* **EXERCISE BRIEF**
Only the lines below from the one with "[CNMO科技消息]根据CI" through the one with "Slip into timeless" are to be written out, exactly and without any images.

* **SUPPLIED RECORDS**
********

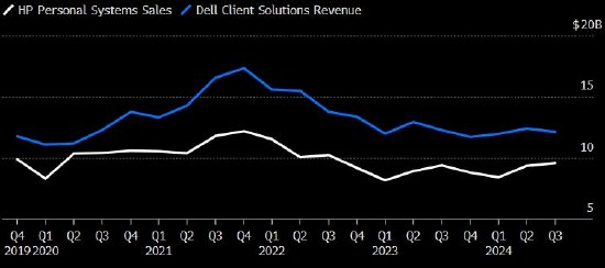 戴尔的个人电脑业务第三财季营收下降1%,至121亿美元,不及预期。惠普的个人电脑业务三个月营收增长2%,至95.9亿美元,也逊于分析师的平均预期。
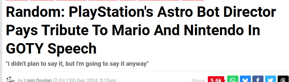Hey Astro's back! Welcome back to the conversation after being ignored. But yes, sales are relevant to a game's cultural impact. By this logic, Call of Duty is more relevant than Mario. This is why Activision is able to release absolute shit like the most recent COD and get away with it. But sales aren't the ONLY means of cultural relevance. There's also public perception. I say the name Mario and any passerby can think of the video game icon, despite being an actual name. Is there any CoD character with that level of relevance? The fans know the big names, but does your dad know? Likely not. This is legacy, which something like Astro Bot sadly doesn't have. I don't hate Astro Bot. Like many, I haven't played Astro Bot. I'm merely pointing out the obvious.
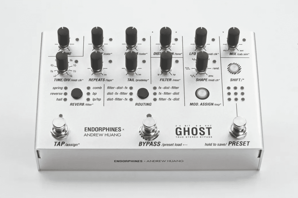 The Ghost Pedal, which is suitable for both live performance and studio work, goes well beyond what is possible with traditional pedals and stomp boxes. Developed in combination with producer Andrew Huang, the Ghost Pedal allows users to change tonal response or signal chain routing of any signal — from an overdriven electric guitar to a droning synth voice — at the press of a button.
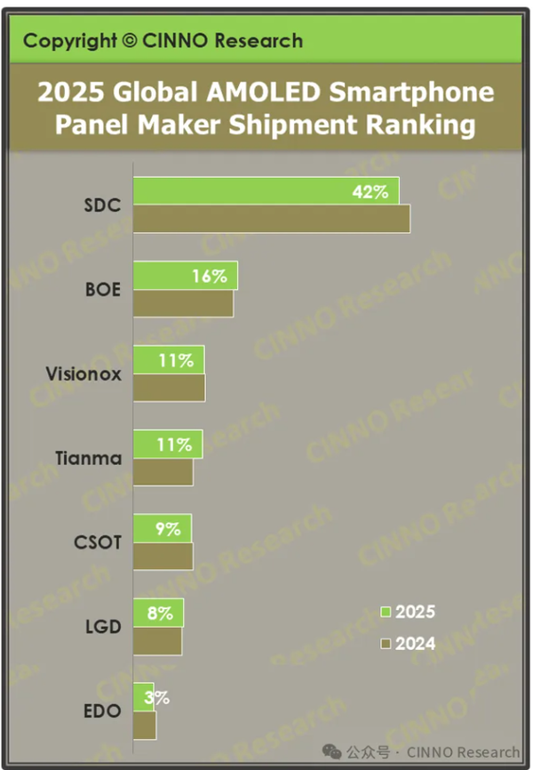 [CNMO科技消息]根据CINNOResearch统计数据,2025年全球市场AMOLED智能手机面板出货量约9.2亿片,同比增长4.7%,再创历史新高。尽管增速较前两年有所放缓,但整体市场仍保持稳健上行态势。
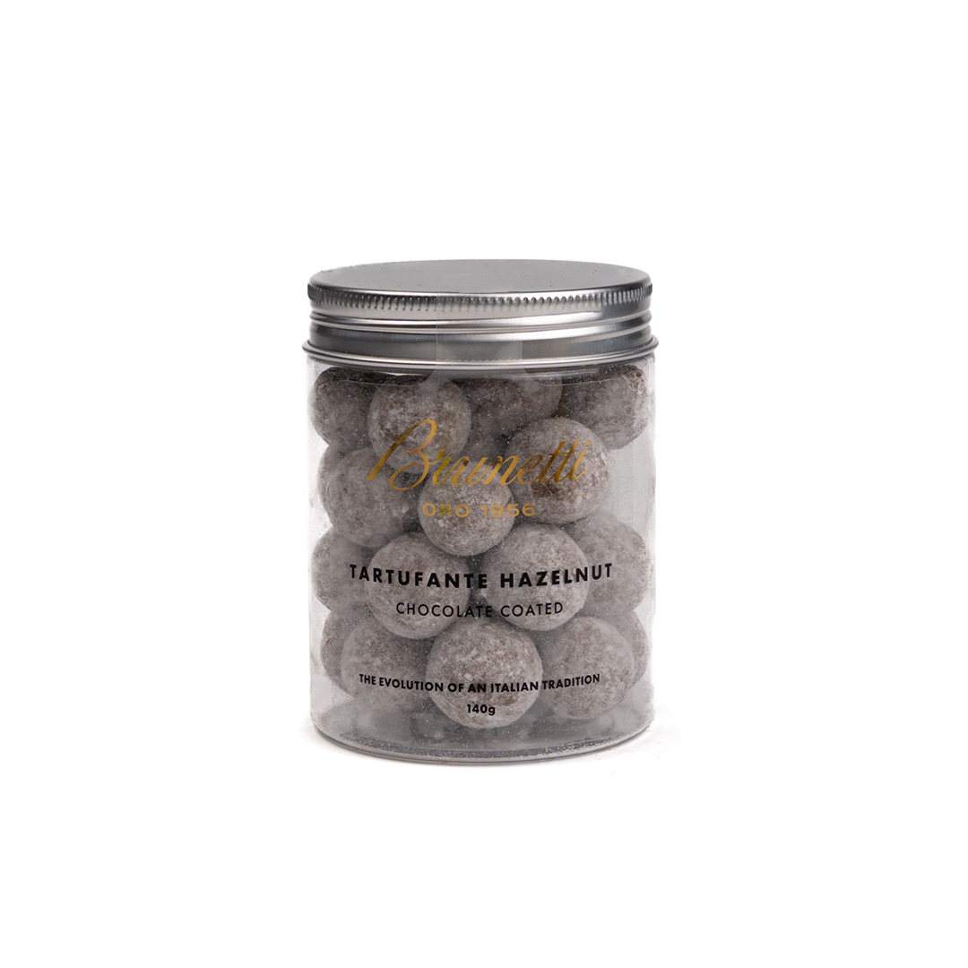 Freshly roasted Hazelnuts coated in milk chocolate and gianduia and dusted in icing sugar
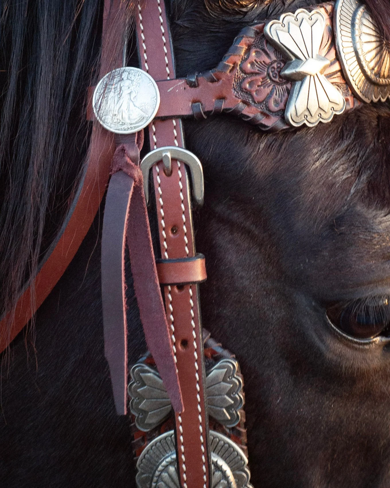 Slip into timeless western style with the Elko Headstall, handcrafted from genuine leather with charming coin details that catch the light with every stride. This classic piece combines authentic craftsmanship with that perfect rustic-luxe touch, making it an instant favorite for riders who appreciate quality and character. Built to last through countless adventures, it's the kind of accessory that only gets better with age.
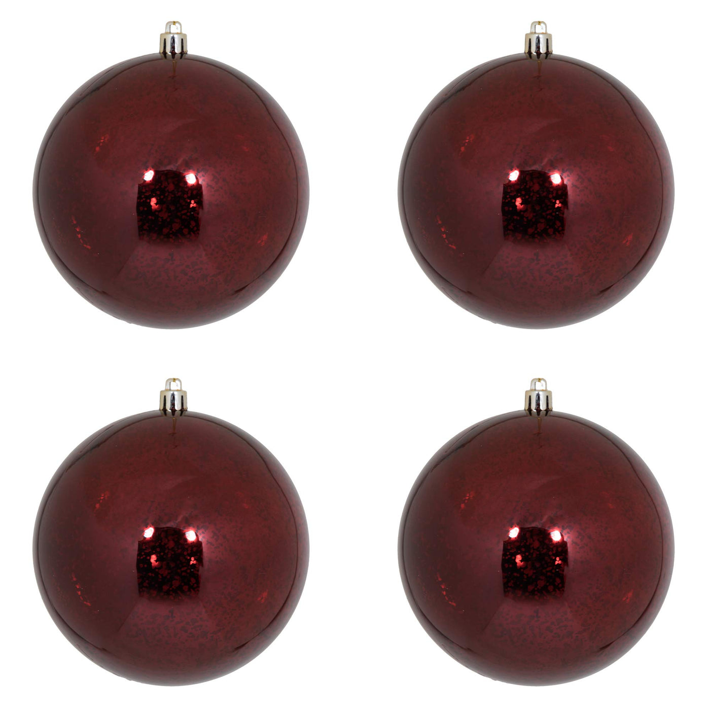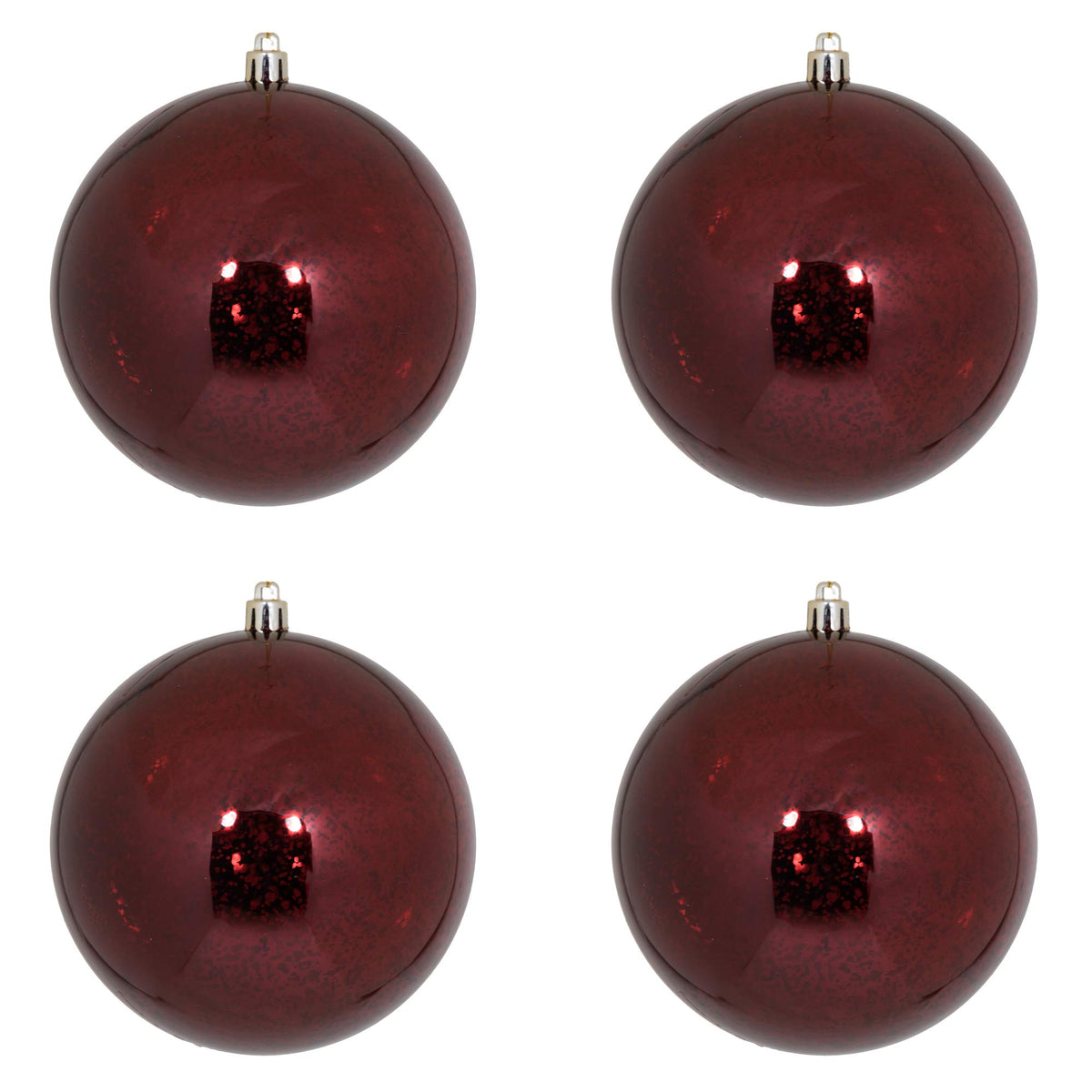 Vickerman 4.75 Burgundy Shiny Mercury Ball Christmas Ornament 4 Pack. This ornament is made from shatterproof plastic and features a rich shiny mercury finish. Shatterproof ornaments are kid and pet friendly and safe for the entire family to help hang on the tree. Sturdy design featuring a drilled and wired secure cap for reliable hanging. This unique ornament is an exceptional addition to any collection as it matches well with a variety of d cor and goes perfectly on a holiday tree. Vickerman has been an industry leader since 1940. Enjoy this expert designed ornament in your home.
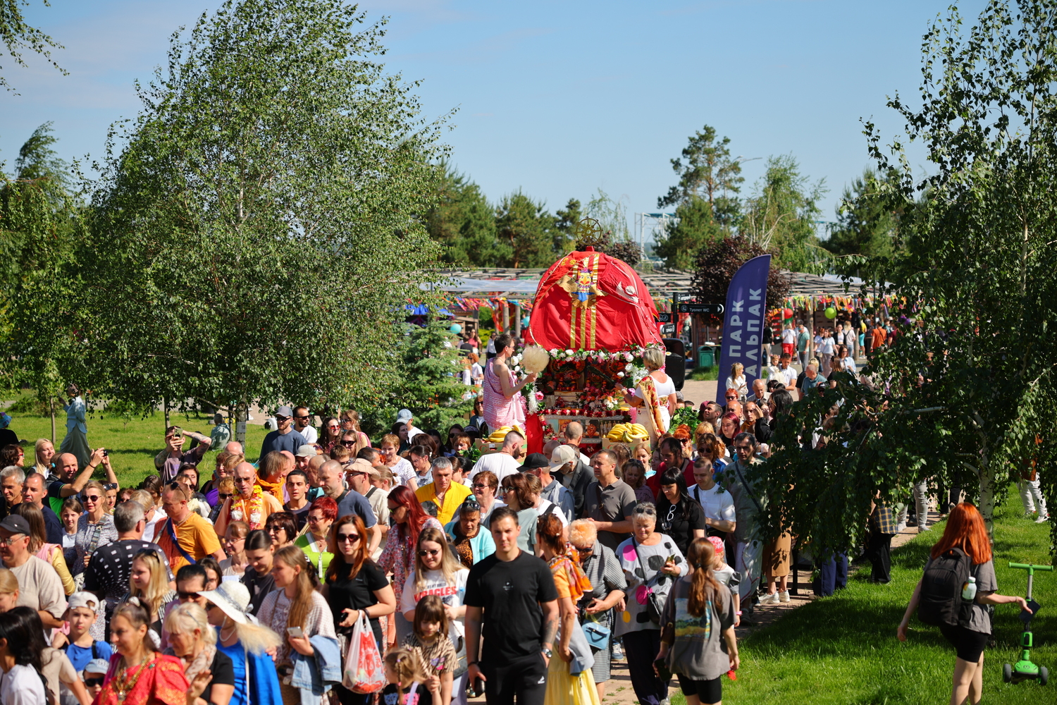 Торжества открыли шествие Ратха-Ятра – проездом 4-метровой колесницы по центральной аллее под ритмичные мантры и зажигательные индийские танцы. Каждый желающий мог к ней прикоснуться, загадать желание и угоститься экзотическими фруктами.
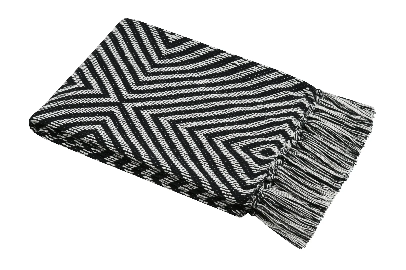 Pătură Tucano 125×150 cm, culoare negru, 55% bumbac, 45% poliester – o pătură decorativă cu design modern și contrastant, ideală pentru a adăuga un accent stilat și un plus de confort locuinței tale. Realizată dintr-un amestec de bumbac și poliester provenite din fibre reciclate, pătura este plăcută la atingere, respirabilă și rezistentă în timp. Dimensiunea de 125×150 cm o face potrivită pentru living sau dormitor, fiind ideală pentru canapea, fotoliu sau pat. Modelul geometric în nuanțe de negru și alb se integrează perfect în decoruri moderne, industriale sau etnice. Pătura Tucano îmbină estetica contemporană cu responsabilitatea față de mediu, fiind o alegere practică pentru utilizare zilnică sau ca idee de cadou inspirată. Fabricat în India. Întreținere: respectați instrucțiunile de pe etichetă.
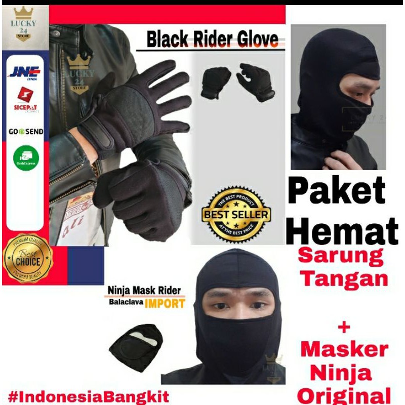 Produk ini memiliki 8 Variasi Paketan yaitu : Paket BlackBuff,Paket Masker,Paket Masker Ninja,Sarung Tangan Saja,Paket Manset,Paket Riding,Paket Exclusive,Paket Riding+ Bag,
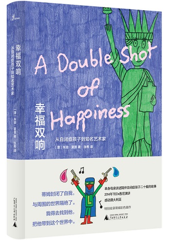 書名《幸福雙響》(A Double Shot of Happiness),來自蒂姆最愛的創(chuàng)作之一。朱迪用優(yōu)美且感人肺腑的筆觸,訴說著蒂姆漫長的人生旅程——從被診斷為重度自閉癥患者到嶄露頭角成為備受推崇的藝術(shù)家,以及一個(gè)能夠愛人與被愛的年輕人。
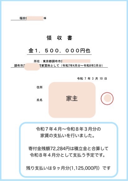3月10日に支援金を受け取り、家賃の支払いを行いました。ありがとうございました。
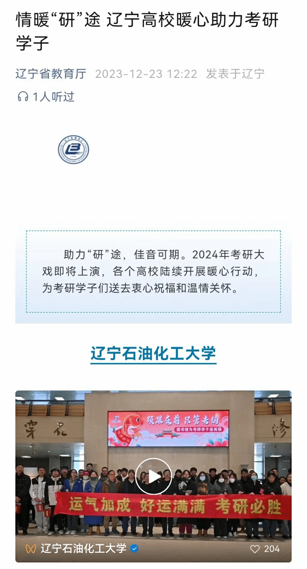 编者按:近日,辽宁省教育厅微信公众号以《情暖“研”途 辽宁高校暖心助力考研学子》为题发文,对辽宁省各个高校陆续开展暖心行动,为考研学子们送去衷心祝福和温情关怀进行了报道,其中对我校图书馆为考研学子发放礼包送祝福的视频进行了组稿宣传。现将相关报道转载如下:

********

* **RESULT OF THE EXERCISE**
 [CNMO科技消息]根据CINNOResearch统计数据,2025年全球市场AMOLED智能手机面板出货量约9.2亿片,同比增长4.7%,再创历史新高。尽管增速较前两年有所放缓,但整体市场仍保持稳健上行态势。
 Freshly roasted Hazelnuts coated in milk chocolate and gianduia and dusted in icing sugar
 Slip into timeless western style with the Elko Headstall, handcrafted from genuine leather with charming coin details that catch the light with every stride. This classic piece combines authentic craftsmanship with that perfect rustic-luxe touch, making it an instant favorite for riders who appreciate quality and character. Built to last through countless adventures, it's the kind of accessory that only gets better with age.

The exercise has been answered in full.